Радикализм у Диккенса довольно смутного свойства, и все же он ощутим всегда. В этом различие между моралистом и политиком. Не было у него созидательных идей, не было даже ясного понимания природы общества, которое он критиковал, только эмоциональное ощущение чего-то неладного. Усилия его сфокусированы в словах: «Ведите себя достойно», — которые, как я уже сказал, вовсе не так поверхностны, как звучат.

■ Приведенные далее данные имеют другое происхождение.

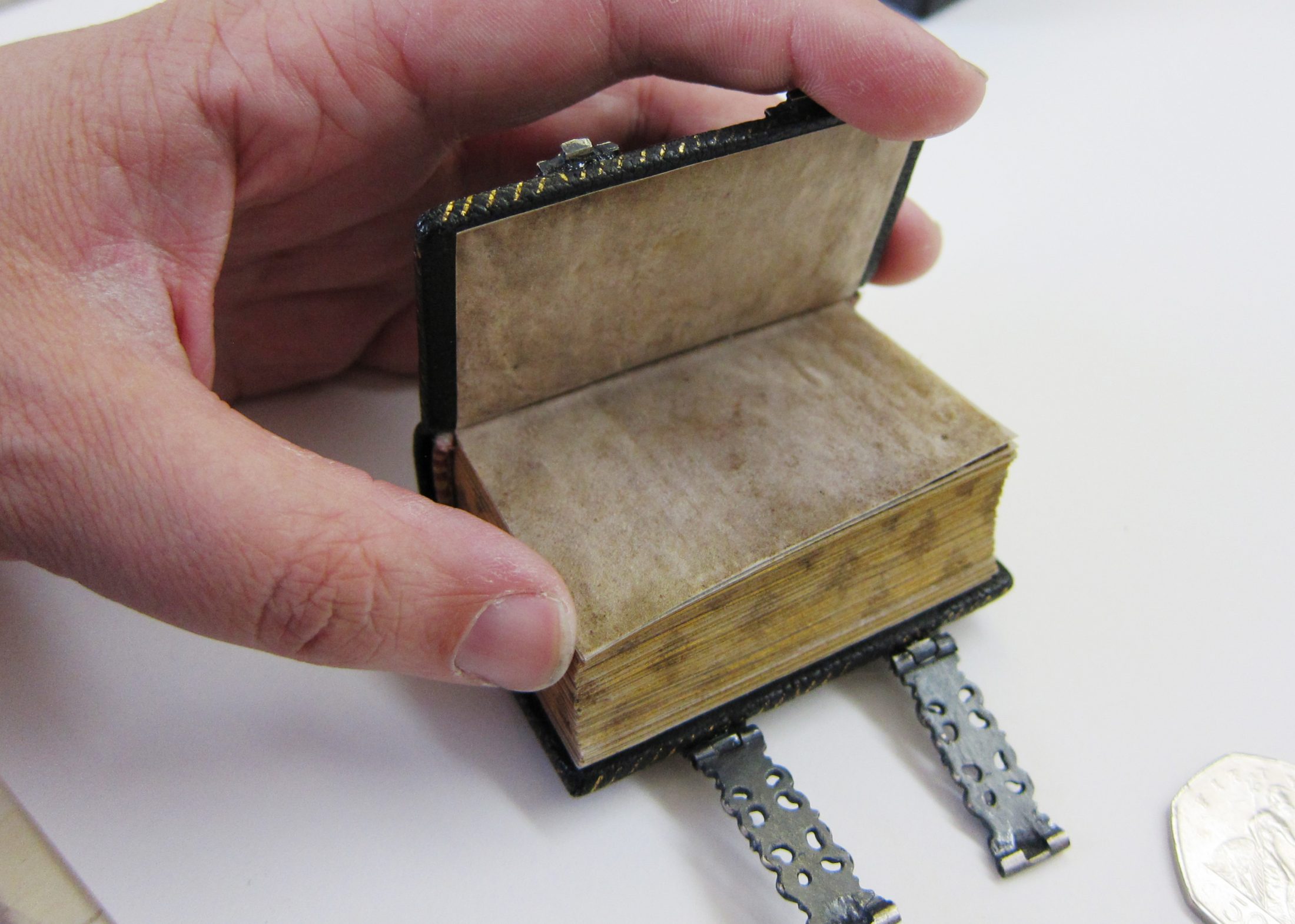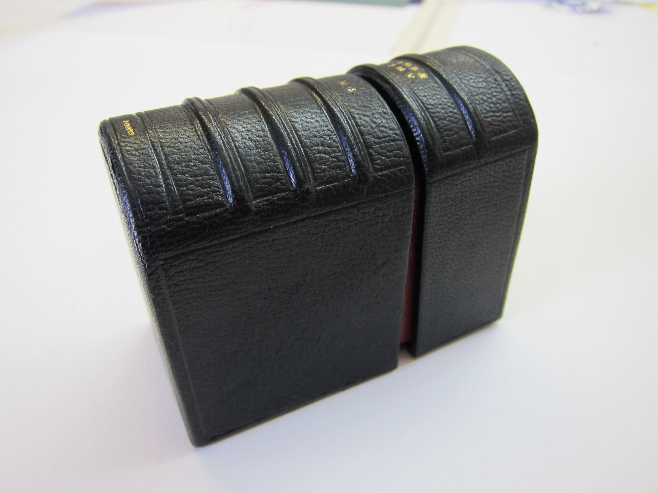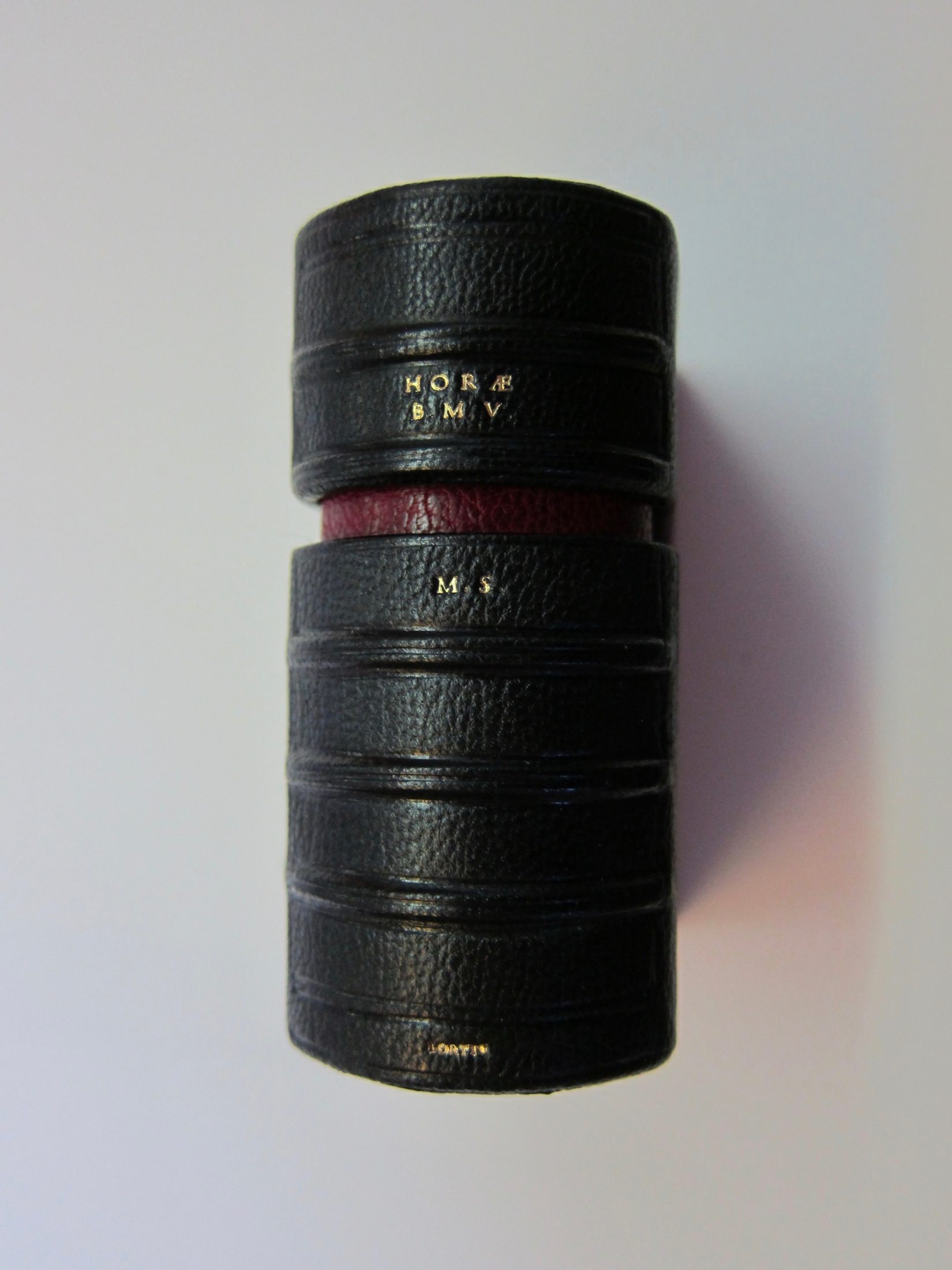 Facsimile leather binding and two-part case replicating the original miniature book. Every aspect of the original has been reproduced including the design of the tooling, the metal fittings on the covers, and the specially decorated book edges. The book pages were printed by Factum Arte, and the work is presented in a two-part goatskin presentation box with silk linings.

Большинство революционеров потенциальные тори, ибо они воображают, будто все можно наладить, переменив форму общества, когда же, как порой случается, перемена осуществлена, они не видят необходимости менять что-то дальше. Подобной умственной грубости Диккенс лишен. Зыбкость, смутность недовольства у него есть признак, что оно постоянно. То, против чего выступает Диккенс, не связано с тем или иным укладом, а, по выражению Честертона, связано с «выражением на человеческом лице». Грубо говоря, его мораль — христианская мораль, только, несмотря на англиканское воспитание, он, в сущности, христианин от библии, о чем и позаботился сообщить в своем завещании. В любом случае, считать его воистину религиозным человеком нельзя. Он «верит», это несомненно, но религия в смысле благочестия, видимо, не проникает глубоко в его сознание[22]. Христианин он прежде всего в квази-инструктивном принятии стороны угнетенных против угнетателей. Во всем и повсюду он на стороне обездоленных, побежденных и логичен в этом до конца, меняя сторону, когда побежденный становится победителем. К примеру, он не выносит католическую церковь, но, как только католиков начинают притеснять, он на их стороне («Барнеби Редж»). Еще больше ему ненавистно сословие аристократов, но, как только они оказались свергнутыми, он резко меняет свои симпатии (революционные главы «Сказки двух городов»). Стоит ему отойти от эмоциональных оценок, он тут же сбивается с пути. Всем известный пример — финал «Дэвида Копперфильда», где любой его прочитавший чувствует, как концы не сошлись с концами. Неладно то, что финальные главы ощутимо, хотя и не выпяченно, пропитаны культом успеха. Это евангелие от Смайлса, но не евангелие от Диккенса. Привлекательные в своей расхристанности персонажи выпроваживаются: Микобер сколачивает состояние, Хип угодил в тюрьму (оба события вызывающе невозможны), и даже Дора убита, чтобы открыть дорогу Агнес. Если угодно, можно считать Дору женой Диккенса, а Агнес его золовкой, только суть в том, что Диккенс «сделался респектабельным» и творит насилие по собственному своему хотению. Возможно, поэтому Агнес стала самой спорной из его героинь, эдаким ангелочком бесполым викторианского любовного романа, почти такой же плохой, как и теккереевская Лаура.

вернуться

22

Из письма Диккенса младшему сыну (в 1868 г.): «Запомни, что дома тебя никогда не изнуряли соблюдением религиозных обрядов или простых формальностей. Я всегда стремился не утруждать моих детей подобными вещами, пока они, достаточно повзрослев, не сформируют по отношению к ним своего собственного мнения. Поэтому ты лучше поймешь, что сейчас я самым серьезным образом внушаю тебе истину и красоту христианской религии, какой она вышла от самого Христа, и невозможность далеко зайти в заблуждении, если ты скромно, но сердечно станешь уважать ее… Никогда не оставляй полезной привычки творить свои собственные, частные молитвы, ночью и утром. Сам я с ней никогда не расстаюсь и знаю, как это успокаивает».